[REQUIRED ACTION]: Could you copy exactly the lines below, beginning at the line with "Kastamonu Bozkurt'ta tel" and stopping after the line with "kmem_cache_create_usercopy()를 통해 kmem_cache_create", with no pictures?

==== PROVIDED RECORDS ====

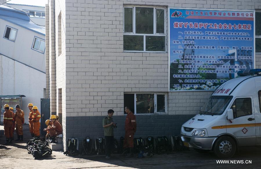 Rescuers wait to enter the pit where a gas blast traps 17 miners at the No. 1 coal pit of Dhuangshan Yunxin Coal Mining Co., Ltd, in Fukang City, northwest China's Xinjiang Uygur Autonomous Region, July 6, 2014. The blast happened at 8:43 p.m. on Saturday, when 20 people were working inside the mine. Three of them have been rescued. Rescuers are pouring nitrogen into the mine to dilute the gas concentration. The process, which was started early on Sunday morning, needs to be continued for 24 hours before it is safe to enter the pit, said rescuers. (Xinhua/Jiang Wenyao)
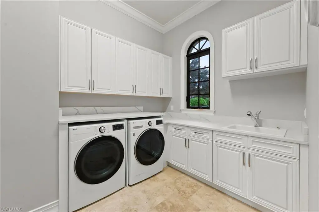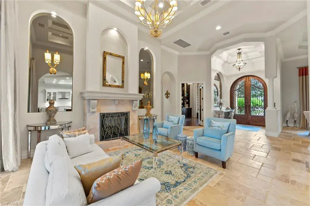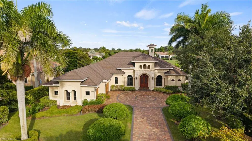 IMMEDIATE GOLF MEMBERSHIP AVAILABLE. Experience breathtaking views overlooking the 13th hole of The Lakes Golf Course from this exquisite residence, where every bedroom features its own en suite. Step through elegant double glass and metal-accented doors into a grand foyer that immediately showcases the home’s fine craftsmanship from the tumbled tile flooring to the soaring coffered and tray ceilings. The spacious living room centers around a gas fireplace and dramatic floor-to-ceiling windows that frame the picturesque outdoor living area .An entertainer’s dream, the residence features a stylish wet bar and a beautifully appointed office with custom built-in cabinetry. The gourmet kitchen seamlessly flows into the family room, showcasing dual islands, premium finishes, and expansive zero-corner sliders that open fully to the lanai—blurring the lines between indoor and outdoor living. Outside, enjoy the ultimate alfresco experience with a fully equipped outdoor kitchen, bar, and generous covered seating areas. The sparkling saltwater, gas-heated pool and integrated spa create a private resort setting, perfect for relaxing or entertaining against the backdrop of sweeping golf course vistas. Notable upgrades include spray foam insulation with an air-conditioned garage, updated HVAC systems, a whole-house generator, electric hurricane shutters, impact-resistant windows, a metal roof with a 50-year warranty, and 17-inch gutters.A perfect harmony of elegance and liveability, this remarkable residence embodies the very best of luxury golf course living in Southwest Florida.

====
==== PROVIDED RECORDS ====

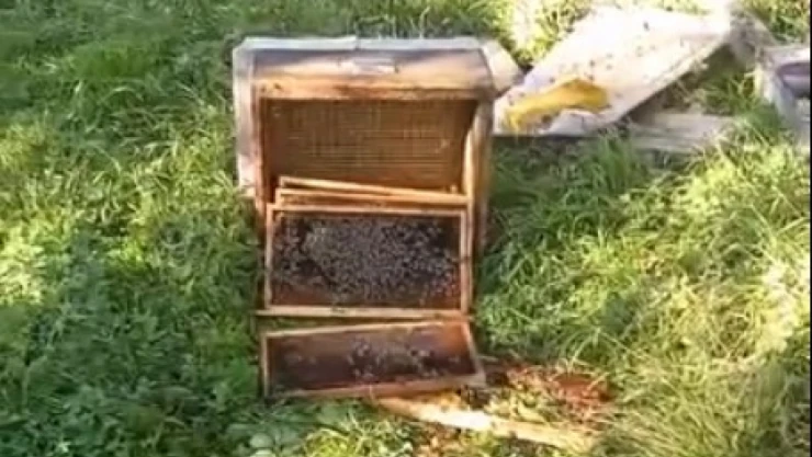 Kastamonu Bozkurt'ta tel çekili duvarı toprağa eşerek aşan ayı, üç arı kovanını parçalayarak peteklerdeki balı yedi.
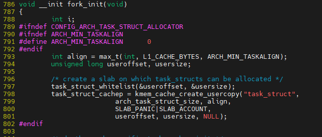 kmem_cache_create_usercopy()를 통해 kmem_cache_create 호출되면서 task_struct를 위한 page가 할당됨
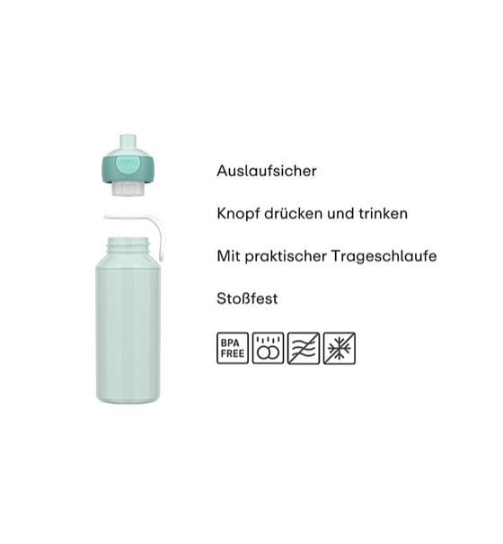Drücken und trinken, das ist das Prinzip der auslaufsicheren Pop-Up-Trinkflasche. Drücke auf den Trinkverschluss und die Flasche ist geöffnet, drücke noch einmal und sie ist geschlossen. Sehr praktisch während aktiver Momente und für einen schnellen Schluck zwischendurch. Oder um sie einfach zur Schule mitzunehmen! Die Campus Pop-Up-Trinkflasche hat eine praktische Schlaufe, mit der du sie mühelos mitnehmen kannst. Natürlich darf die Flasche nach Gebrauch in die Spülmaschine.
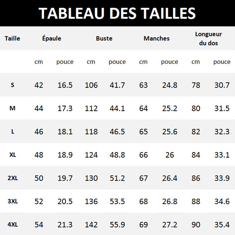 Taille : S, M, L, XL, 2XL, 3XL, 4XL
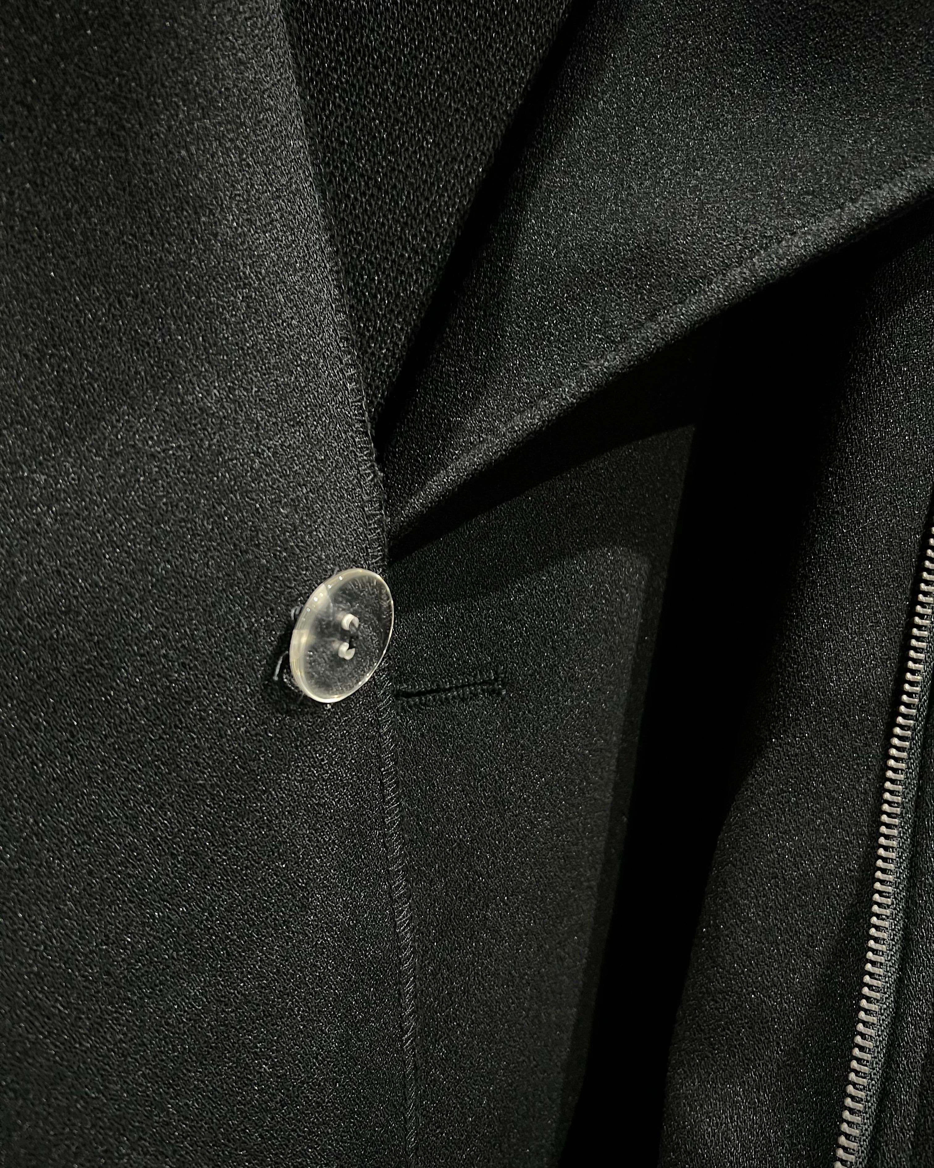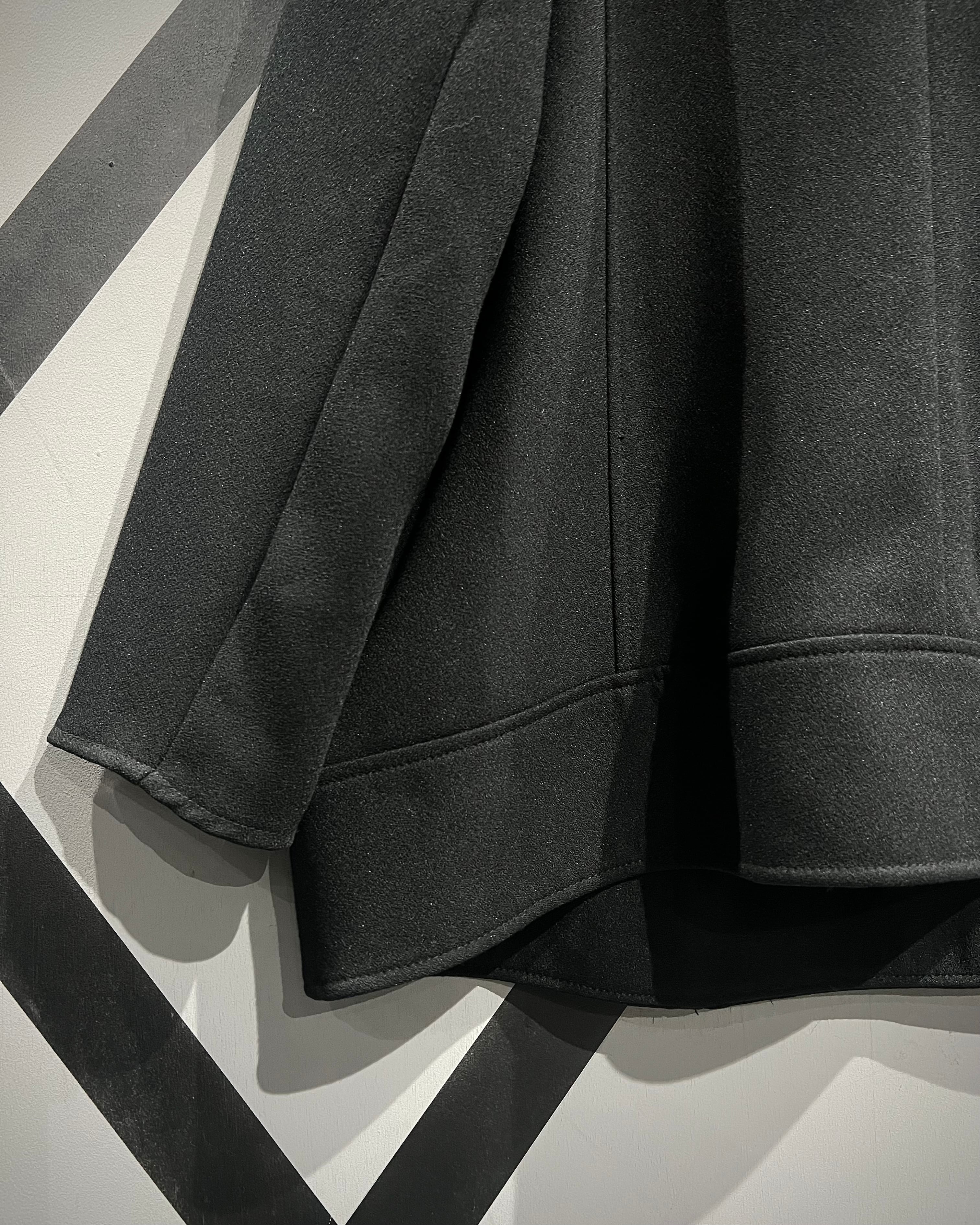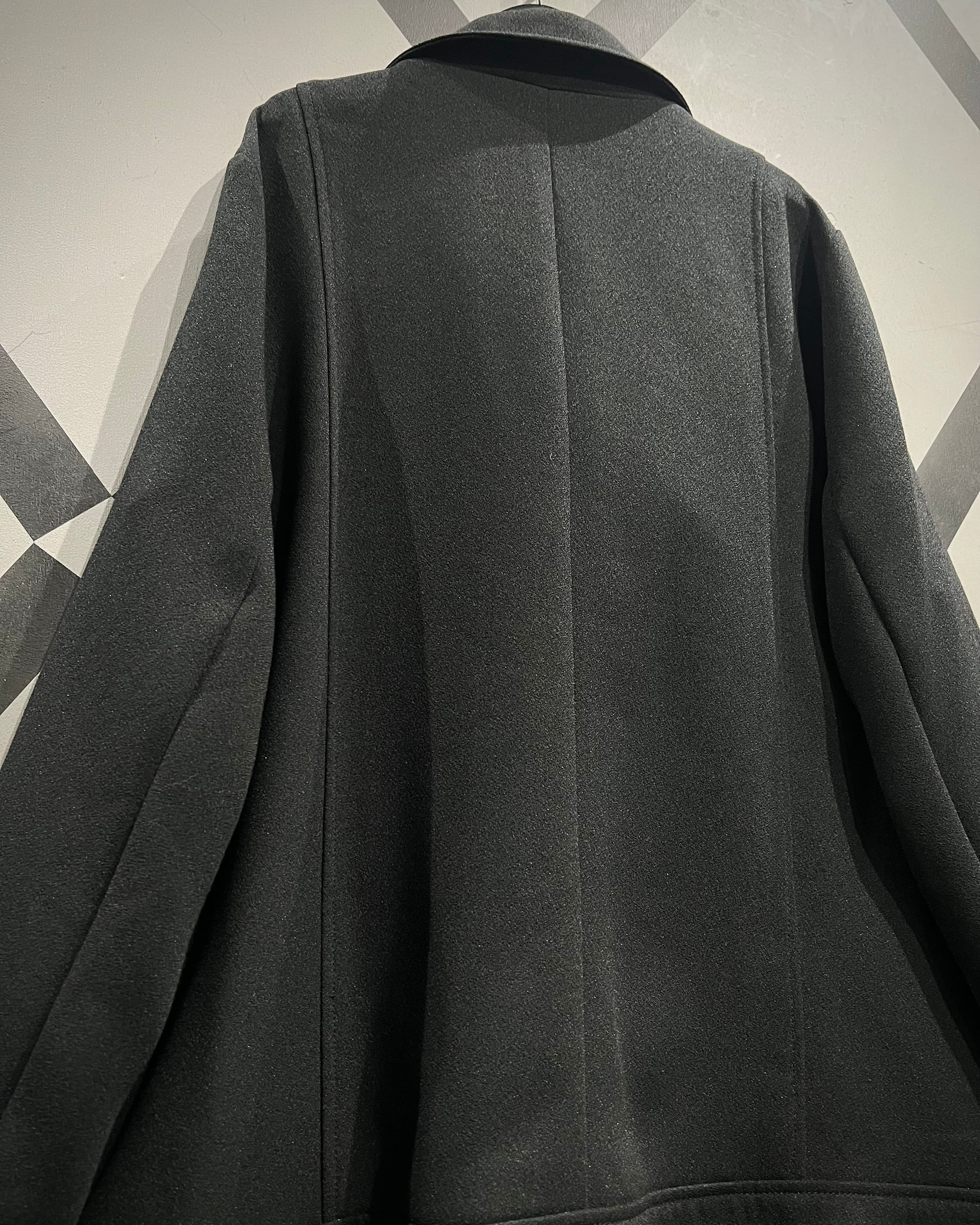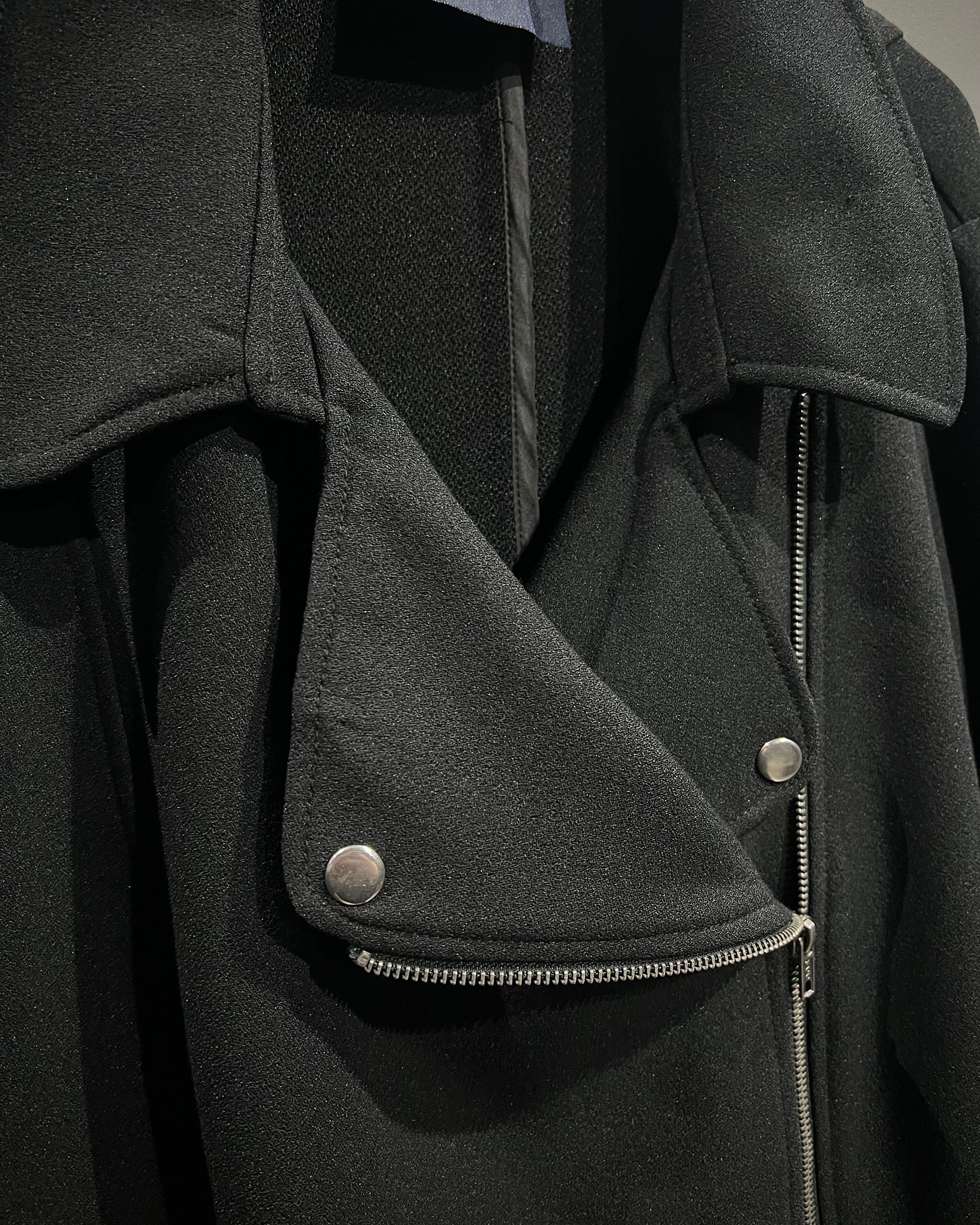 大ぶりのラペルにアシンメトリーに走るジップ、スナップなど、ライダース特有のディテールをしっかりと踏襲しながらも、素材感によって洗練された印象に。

====
==== PROVIDED RECORDS ====

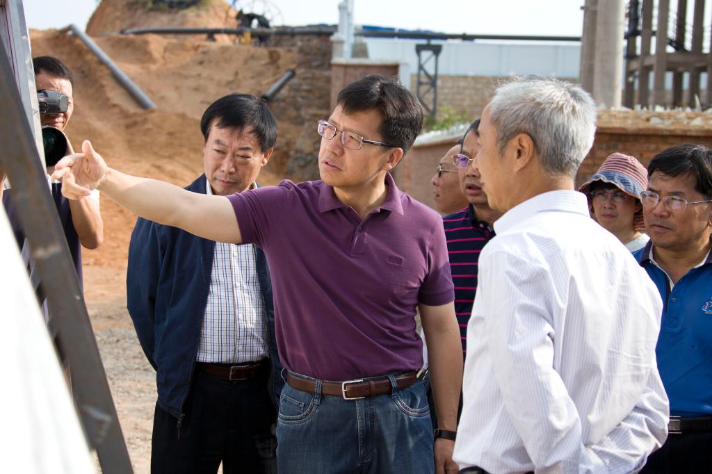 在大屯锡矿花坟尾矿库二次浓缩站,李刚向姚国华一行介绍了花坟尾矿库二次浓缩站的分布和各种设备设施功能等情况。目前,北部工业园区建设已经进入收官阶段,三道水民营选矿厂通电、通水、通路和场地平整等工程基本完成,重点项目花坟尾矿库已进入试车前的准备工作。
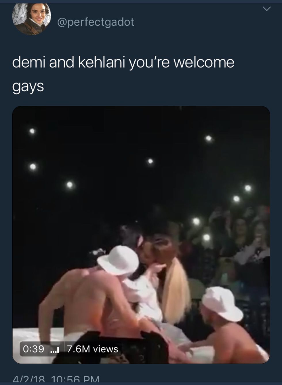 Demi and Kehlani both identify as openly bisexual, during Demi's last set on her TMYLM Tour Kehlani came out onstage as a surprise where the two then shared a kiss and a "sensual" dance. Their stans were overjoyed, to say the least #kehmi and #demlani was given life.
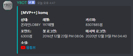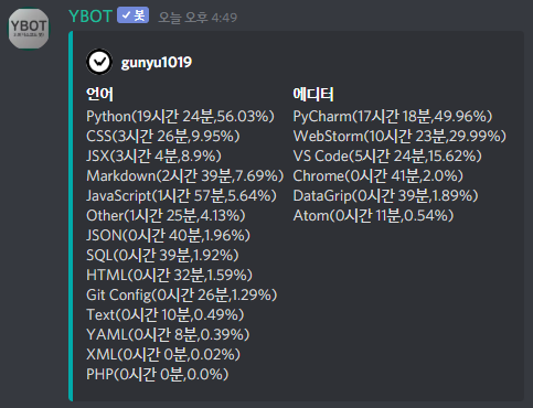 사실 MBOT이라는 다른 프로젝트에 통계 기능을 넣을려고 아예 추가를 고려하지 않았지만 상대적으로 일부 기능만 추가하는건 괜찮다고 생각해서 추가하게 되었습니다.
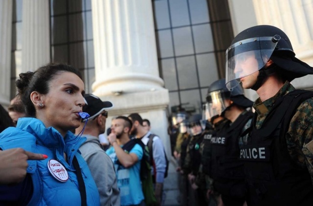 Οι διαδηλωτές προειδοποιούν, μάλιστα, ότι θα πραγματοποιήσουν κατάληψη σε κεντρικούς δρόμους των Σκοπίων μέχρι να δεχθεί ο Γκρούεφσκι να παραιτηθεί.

====

[EXPECTED ANSWER]:
 Kastamonu Bozkurt'ta tel çekili duvarı toprağa eşerek aşan ayı, üç arı kovanını parçalayarak peteklerdeki balı yedi.
 kmem_cache_create_usercopy()를 통해 kmem_cache_create 호출되면서 task_struct를 위한 page가 할당됨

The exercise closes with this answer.